Calcio Storico, A.K.A. Calcio in Costume and Calcio Fiorentino is a historical sport that runs deep in the Florentine blood line. It’s played annually in Piazza Santa Croce in Florence.
Read why this soccer/rugby/boxing match isn’t really my favorite Florentine event and let me know what you think!
Calcio Storico in Florence
History of Calcio Storico
Calcio Storico—calcio, meaning soccer for the fellow Americans—feels more like a rugby death match that began in the 16th Century. Some even say it started as far back as 59 A.D.
The rules were established in 1580 which allowed a team of 27 to play with their hands and feet. Two opposing teams have 50 minutes to throw the ball over the goal in order to win.
The sport died off and was resurrected in 1930 when organized sports came into play—pun intended.

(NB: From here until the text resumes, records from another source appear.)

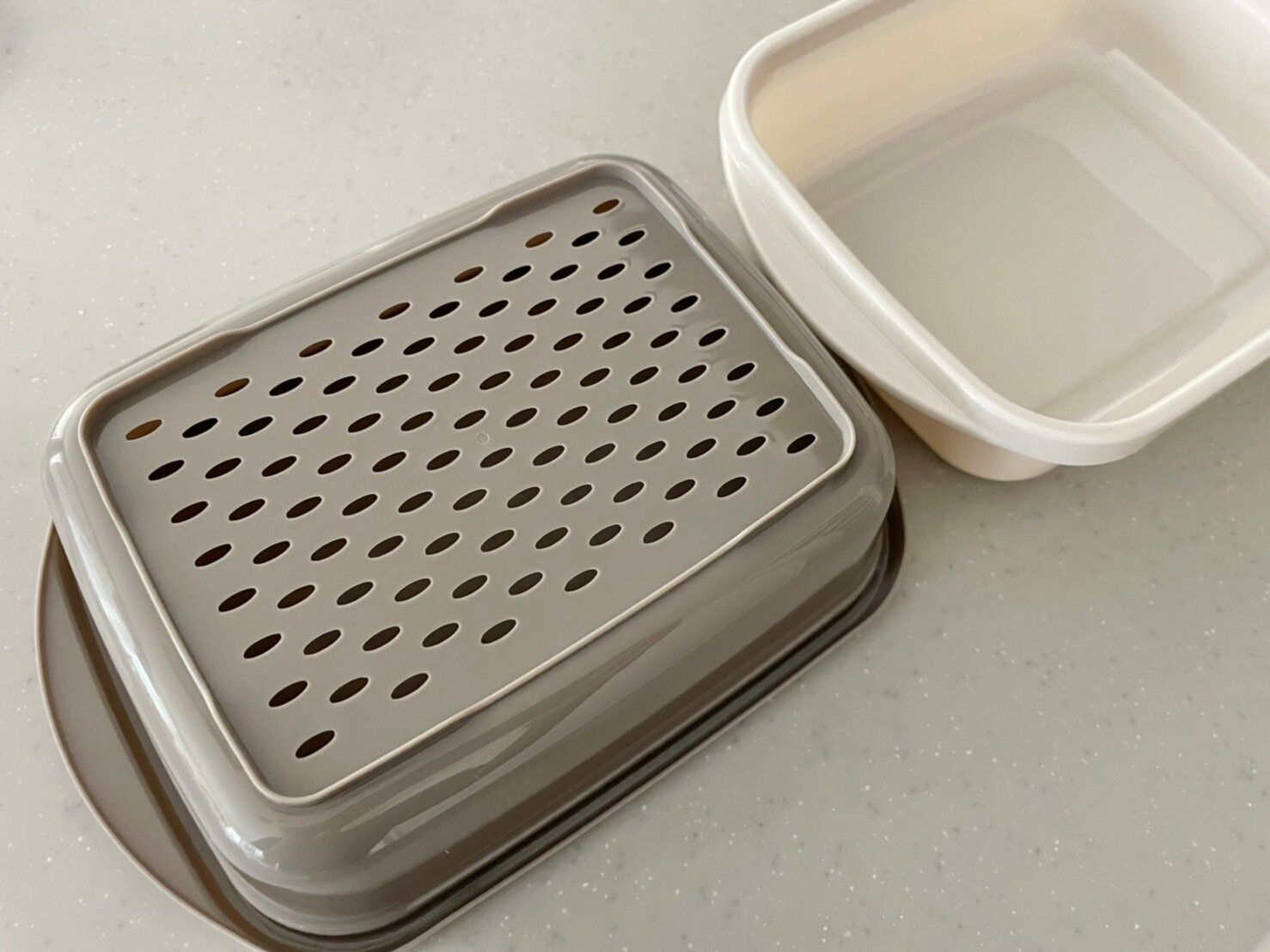 本体はグレージュやブラウンの優しい配色になっています。100円ショップで販売している温野菜メーカーに比べると、落ち着いたデザインがポイントです。
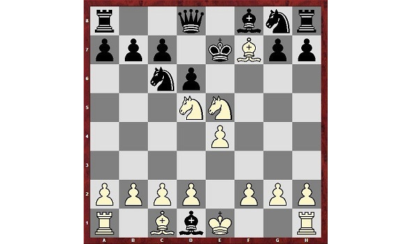 1.e4 Кf6 2.e5 Кd5 3.d4 d6 4.c4 Кb6 5.f4
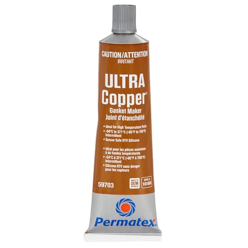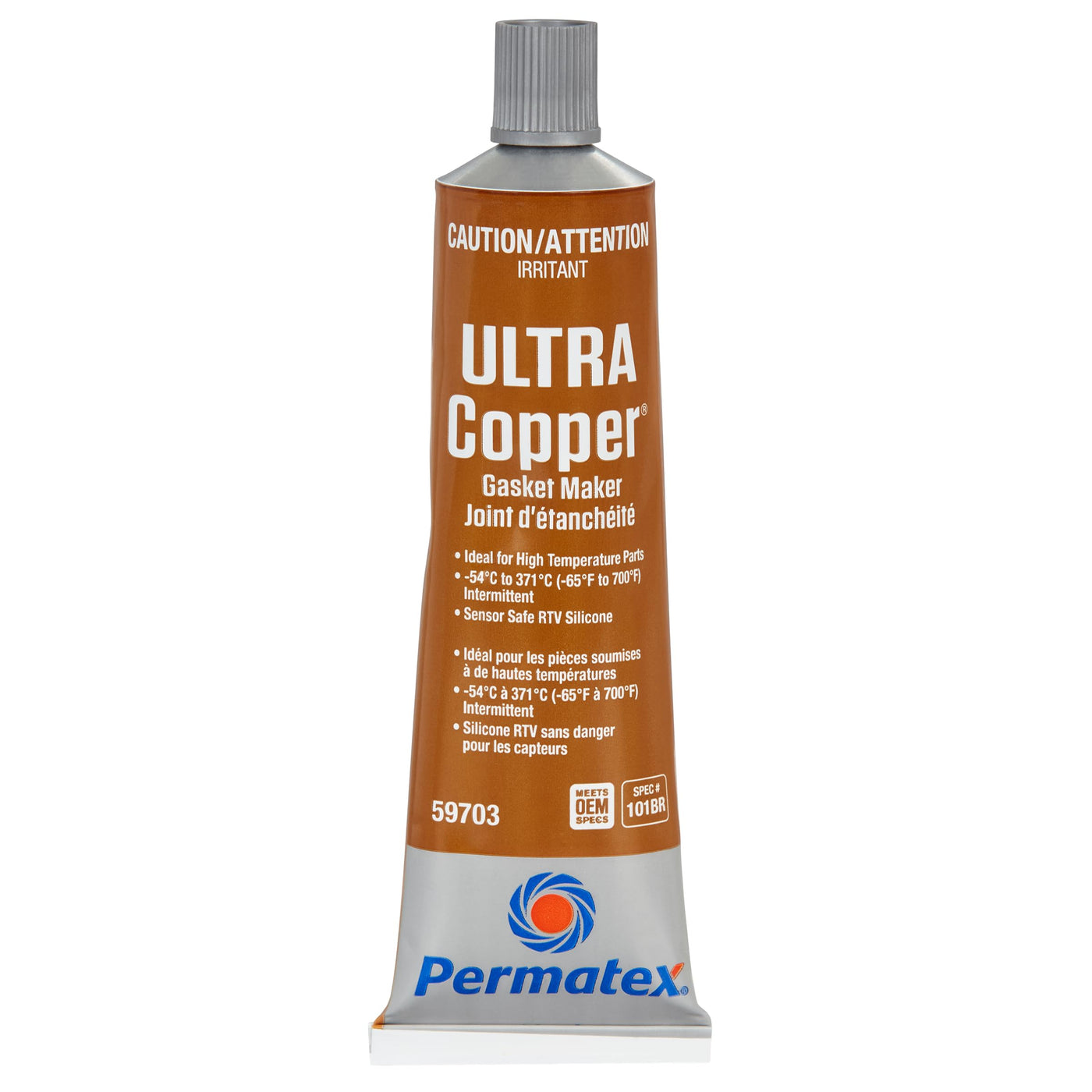 Ideal for high temperature parts. -54 degrees C to 371 degrees C (-65 degrees F to 700 degrees F) intermittent. Sensor safe RTV silicone. Meets OEM specs. Spec 101br. Ultra Copper Gasket Maker maintains seal integrity in the highest temperature applications up to 371 degrees C (700 degrees F) intermittent. High performance. Sensor safe. Non-corrosive. Temp Range: -54 degrees C to 316 degrees C (-65 degrees F to 600 degrees F) Continuous, 371 degrees C (700 degrees F) intermittent. Superior oil resistance. OEM specified. Excellent adhesion. Applications: Exhaust manifolds/headers, turbochargers, valve covers, oil pans, timing covers, water pumps, thermostat housings. www.permatex.ca. Assembled in U.S.A. with U.S. and global materials.
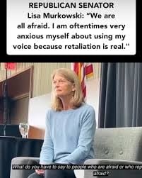 > Addressing a question about how to respond to people who are afraid in the current political climate, Murkowski responded: “We are all afraid.” It’s quite a statement,” she continued after a long pause, in remarks first reported by the Anchorage Daily News.
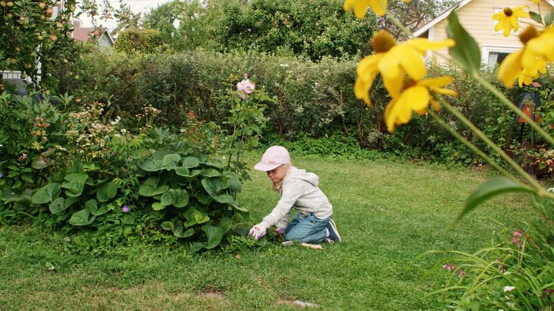 Vilda und ihr Vater besuchen Tante Eva in ihrem Schrebergarten. Während sie auf Eva warten, beginnt Vilda, nach Schätzen zu graben, weil Papa ihr erzählt, dass er als Kind welche im Garten gesucht hat. Tatsächlich findet Vilda einen altmodischen Schlüssel. Eva ist nicht entzückt, dass Vilda in ihren Beeten gegraben hat. Gemeinsam beheben sie den Schaden. Aber als Vilda Eva den Schlüssel zeigt, staunt sie nicht schlecht: Das ist der Schlüssel vom Schuppen, den sie schon so lange sucht!

The teams are split between neighborhoods, so make sure you’re on the right side of the arena when you go!
Santa Croce are the Azzurri , blues.
Santa Maria Novella are the Rossi, reds.
Santo Spirito are the Bianchi, whites.
San Giovanni are the Verdi, greens.
Calcio Storico June 2014
June 14th — Azzurri VS Bianchi at 17:00
June 15th — Rossi VS Verdi at 17:00
June 24th — Finals at 17:00
Tickets are € 21 – 52 and you can buy them online, which I highly recommended, or at the hectic ticket booth in Piazza Santa Croce before the game.
The winning team wins a Chianina. It’s the oldest breed of cattle dating back 2,200 years. It’s large, white, flavorful and typical of Tuscany.
My personal take
I’ve been in the Santa Croce bleachers twice during this crazy event. The first time was in 2002 as a student. I remember enjoying it and not thinking much of it, just that it was something I should see.
Then again in 2012 when Nicco and I took our Moms, oh my!
My Mom has seen it all, but she really didn’t need to have witnessed men beating the shit out of each other and knocking each other out. Seriously, I saw two men get knocked out and just drop to the ground.
Calcio Storico seems more like ultimate fighting than soccer. At times you can’t tell where the ball is because the teams disperse and start fighting. I don’t really hate it—to each their own—I just don’t ever need to see it again. Twice is plenty, wouldn’t you agree?